May 22, 2020
Adjustment brings bond rating in line with ratings by fellow rating agencies
Standard & Poor’s (S&P) has issued a new bond rating for Lubbock Power & Light (LP&L), adjusting the long-term rating on Lubbock’s municipally owned electric utility’s revenue debt from ‘AA- to A+.’ S&P listed the long-term outlook on LP&L as stable. This rating action by S&P brings their rating in line with LP&L’s strong bond ratings by Moody’s Investor Service and Fitch Ratings.
S&P’s decision to adjust LP&L’s bond rating by one notch is due to their revised "U.S. Municipal Retail Electric and Gas Utilities" criteria. The action for LP&L comes as S&P has placed the electric industry as a whole on ‘negative outlook’ due to current economic pressure stemming from COVID-19. Among the factors listed by S&P in their rating action, the agency cites revised financial ratios in the above mentioned criteria and industry-wide economic impacts of the coronavirus pandemic (COVID-19) as reasons for their rating change. S&P goes on to cite strong operational management, financial position, and pandemic response as reasons to place a stable outlook on Lubbock’s electric utility.

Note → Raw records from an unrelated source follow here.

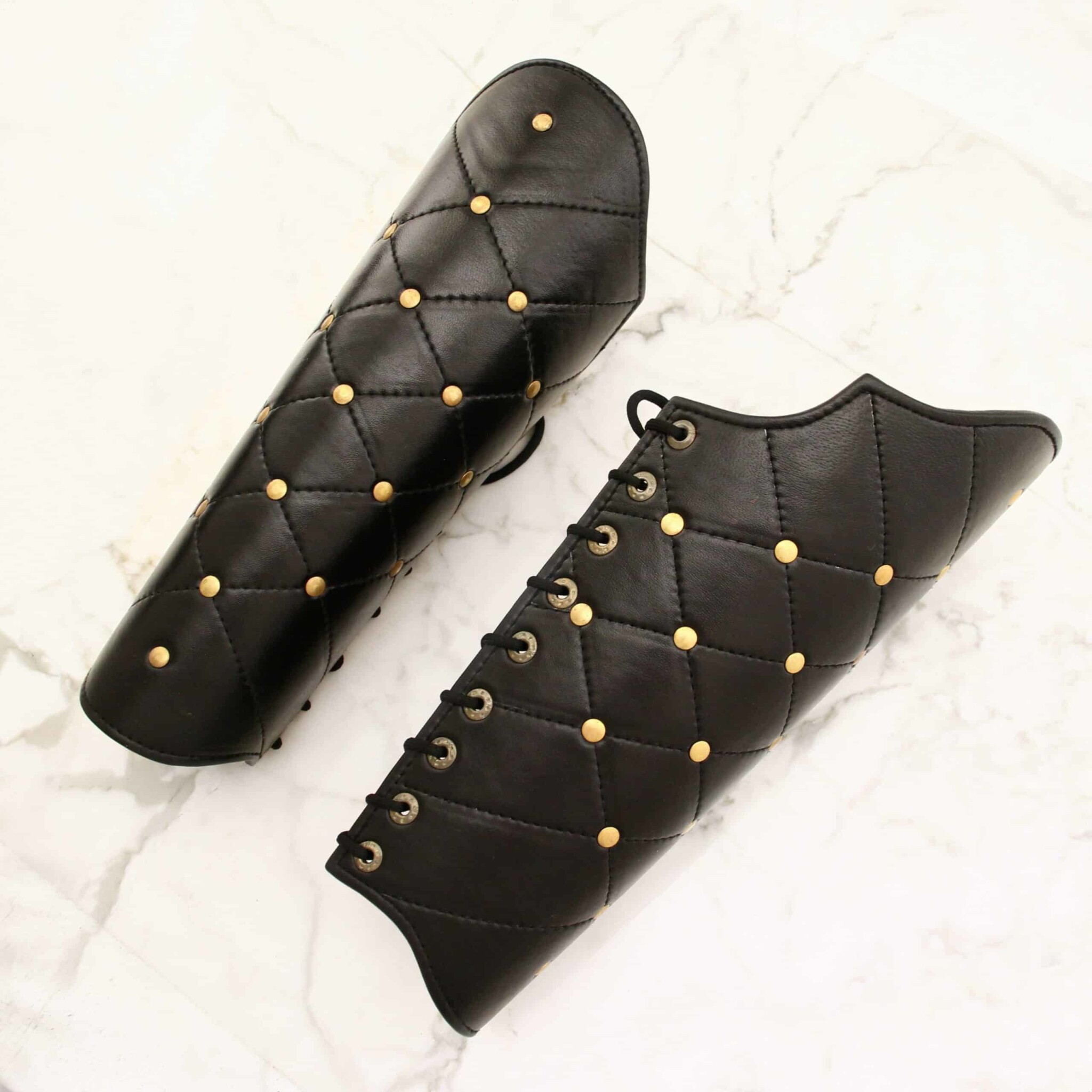 These greaves are made from heavy grade leather. Although thick, this leg protection is comfortable enough to wear all day long. Designed to protect the lower leg from the cut of a sword or the vicious kicking that occurred during battle, they are good for a large variety of outfits from Roman soldier to medieval adventurer to fantasy outfits. They are sufficient for soft fencing, and as a light protection in wood and steel fencing. Heavy grade leather has been a popular material in armory throughout the times as it gives excellent protection against slashes as well as against crushing blows. Includes two greaves.
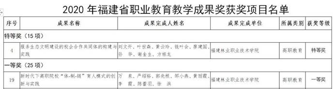 我院申报的教学成果《服务生态文明建设的校企合作共同体的构建与实践》荣获2020年福建省职业教育教学成果奖特等奖, 教学成果《新时代下高职院校“体-制-链”育人模式的创新与实践》荣获2020年福建省职业教育教学成果奖一等奖。
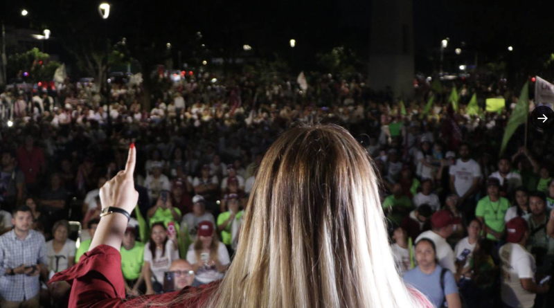 Con más de una hora de retraso la candidata al gobierno de Jalisco por la coalición "Sigamos Haciendo Historia" se presentó en la plazoleta del barrio del Retiro de Guadalajara para acompañar al candidato a diputado federal por el distrito 8, Juan José Hernández Rodríguez (Choco), en su cierre de campaña.
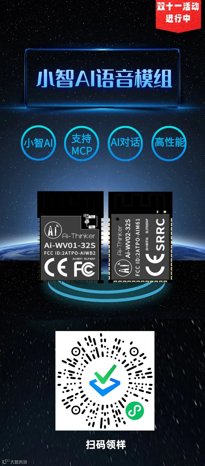 这次评测的是安信可科技出品的Ai-WV01-32S的小智AI语音模组。
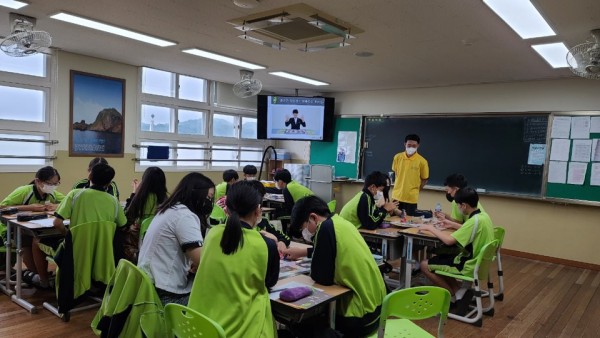 2교시: 1교시에 배웠던 내용을 다시 한번 정리해보고, 이를 바탕으로 골든벨 게임을 진행하였습니다. 골든벨 게임을 통해 수업 내용을 복습을 한 뒤, 교구를 이용하여 '튼튼한 자산관리 아름다운 우리집' 게임을 진행하였습니다. 모든 활동을 마친 뒤, 설문지 작성을 하고 질의응답을 통해 학생들이 수업과 관련하여 궁금했던 부분을 알아갈 수 있도록 하였습니다. 그리고 마지막으로 학생들과 같이 사진을 찍는 시간을 가졌습니다.
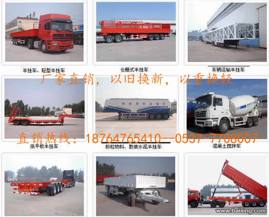 式半挂车 、自卸式半挂汽车 、运油半挂车 、轻型半挂车、 车辆运输半挂车 、粉粒物料运输半挂车、 化工液体运输半挂车、 重型低平板半挂车、 栏板式半挂车、 鹅颈式半挂车、 骨架式集装箱半挂车 17.5米低平板半挂车、 散装水泥罐车 特种半挂车半挂车以旧换新详细介绍 对于需要挂车以旧换新的客户我公司推出以下几种方式: 1、对于将自己的旧半挂车全部卖给我们的客户我们将他的旧挂折合成人民币兑换我们的新半挂车的价格,客户只需交上差价就可以,至于客户旧挂的价格要依据客户的挂车新旧程度及重量。 2、对于客户的旧半挂车客户还想使用自己的车桥与轮胎时,我们将客户的桥以上收回来收回的方式与第一种方式一样,然后用客户的车桥与轮胎按客户的要求做一台新半挂车,客户只需补交一次差价。 针对客户的不同要求进行不同的兑换方式直到客户满意为止,客户的满意是我们最大的效益来公司看车订车记得提前联系,真正确保厂家直销,请把电话存在手机上或者登记在笔记本上以便以后方便联系! 我公司任何车站没设接待站,望客户前来考察订车时电话预约;避免上当受骗。
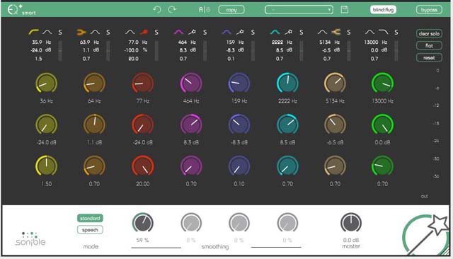 Man kann die vier Glockenfilter in einen Lernbetrieb versetzen, nach dem sie eine Optimierung des Frequenzgangs vorschlagen. Hier sehen Sie zum einen die Taster für den herkömmlichen und den Speech-Modus, daneben einen der vier Smooth-Regler. (Mit Hilfe der Smooth-Regler kann man die nach Abschluß des Lernens hochauflösende, unter Umständen recht eckig wirkende Kurve in den Teilbereichen, für die die vier mittleren Filter zuständig sind, glätten.)
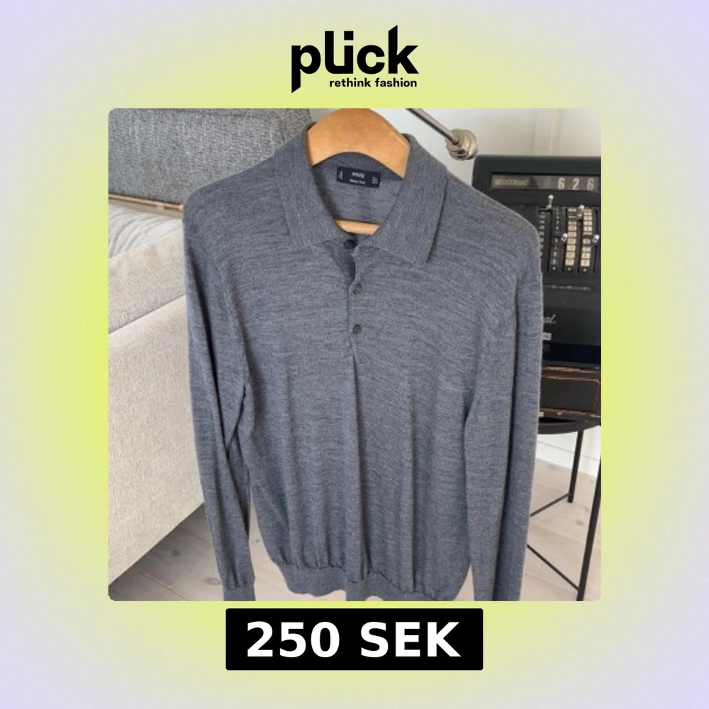 Säljer en stilren grå pikétröja från Mango. Tröjan har långa ärmar och en klassisk krage med knappar framtill. Perfekt för en avslappnad men ändå uppklädd look.

The rating action taken by S&P is not anticipated to have an impact on LP&L ratepayers. Additionally, the utility continues to make investments in the reliability of Lubbock’s electrical grid and implement new technology to improve service for its customers. Work to complete LP&L’s historic transition to the ERCOT market on May 31, 2021 remains on schedule and will serve to accomplish the long-term goal of providing Lubbock citizens with reliable and affordable Texas power for generations to come.